- **Work order**
The lines to copy are those in the listing below that contain the word "Cute".

- **Material for the task**
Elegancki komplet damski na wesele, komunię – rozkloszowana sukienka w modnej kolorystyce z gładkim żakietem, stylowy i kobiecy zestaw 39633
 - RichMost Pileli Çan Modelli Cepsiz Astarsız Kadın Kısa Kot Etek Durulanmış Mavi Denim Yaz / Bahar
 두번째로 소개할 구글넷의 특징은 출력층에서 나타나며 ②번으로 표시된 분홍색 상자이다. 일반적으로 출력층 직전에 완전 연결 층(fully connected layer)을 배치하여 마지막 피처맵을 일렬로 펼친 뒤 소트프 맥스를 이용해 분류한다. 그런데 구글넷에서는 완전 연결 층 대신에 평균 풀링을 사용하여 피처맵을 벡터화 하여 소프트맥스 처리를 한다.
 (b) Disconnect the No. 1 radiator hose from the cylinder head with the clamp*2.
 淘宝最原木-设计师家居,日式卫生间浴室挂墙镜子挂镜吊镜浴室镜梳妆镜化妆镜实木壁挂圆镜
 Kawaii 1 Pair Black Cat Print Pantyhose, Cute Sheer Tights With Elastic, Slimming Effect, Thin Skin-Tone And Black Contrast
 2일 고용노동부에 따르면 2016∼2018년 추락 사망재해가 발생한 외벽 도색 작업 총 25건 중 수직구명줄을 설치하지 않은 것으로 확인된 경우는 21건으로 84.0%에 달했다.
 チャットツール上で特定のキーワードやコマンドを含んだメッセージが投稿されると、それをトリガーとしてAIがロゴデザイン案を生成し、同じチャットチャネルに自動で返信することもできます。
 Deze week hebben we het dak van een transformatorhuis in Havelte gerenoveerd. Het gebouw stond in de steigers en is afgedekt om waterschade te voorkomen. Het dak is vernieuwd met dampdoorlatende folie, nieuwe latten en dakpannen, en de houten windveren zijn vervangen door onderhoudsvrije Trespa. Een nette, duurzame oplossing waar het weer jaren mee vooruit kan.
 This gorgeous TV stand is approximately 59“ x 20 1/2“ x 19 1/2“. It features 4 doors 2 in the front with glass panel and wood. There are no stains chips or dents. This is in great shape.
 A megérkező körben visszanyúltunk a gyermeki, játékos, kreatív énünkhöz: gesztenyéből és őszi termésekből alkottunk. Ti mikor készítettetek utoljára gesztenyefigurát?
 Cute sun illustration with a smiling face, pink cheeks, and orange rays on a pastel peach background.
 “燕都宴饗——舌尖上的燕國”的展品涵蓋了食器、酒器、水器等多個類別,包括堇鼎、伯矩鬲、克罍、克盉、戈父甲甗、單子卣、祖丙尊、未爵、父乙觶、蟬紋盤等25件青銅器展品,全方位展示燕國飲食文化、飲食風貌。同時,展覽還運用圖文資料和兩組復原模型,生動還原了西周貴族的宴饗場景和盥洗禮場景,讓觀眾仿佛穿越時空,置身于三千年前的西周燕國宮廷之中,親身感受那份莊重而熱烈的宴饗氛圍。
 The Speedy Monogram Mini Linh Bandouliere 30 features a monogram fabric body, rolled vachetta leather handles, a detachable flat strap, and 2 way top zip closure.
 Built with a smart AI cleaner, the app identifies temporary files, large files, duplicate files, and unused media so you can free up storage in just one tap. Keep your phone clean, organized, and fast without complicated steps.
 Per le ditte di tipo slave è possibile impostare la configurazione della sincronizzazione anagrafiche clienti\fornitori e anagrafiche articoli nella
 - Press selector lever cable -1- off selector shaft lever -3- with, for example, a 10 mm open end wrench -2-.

- **Problem solution**
 Kawaii 1 Pair Black Cat Print Pantyhose, Cute Sheer Tights With Elastic, Slimming Effect, Thin Skin-Tone And Black Contrast
 Cute sun illustration with a smiling face, pink cheeks, and orange rays on a pastel peach background.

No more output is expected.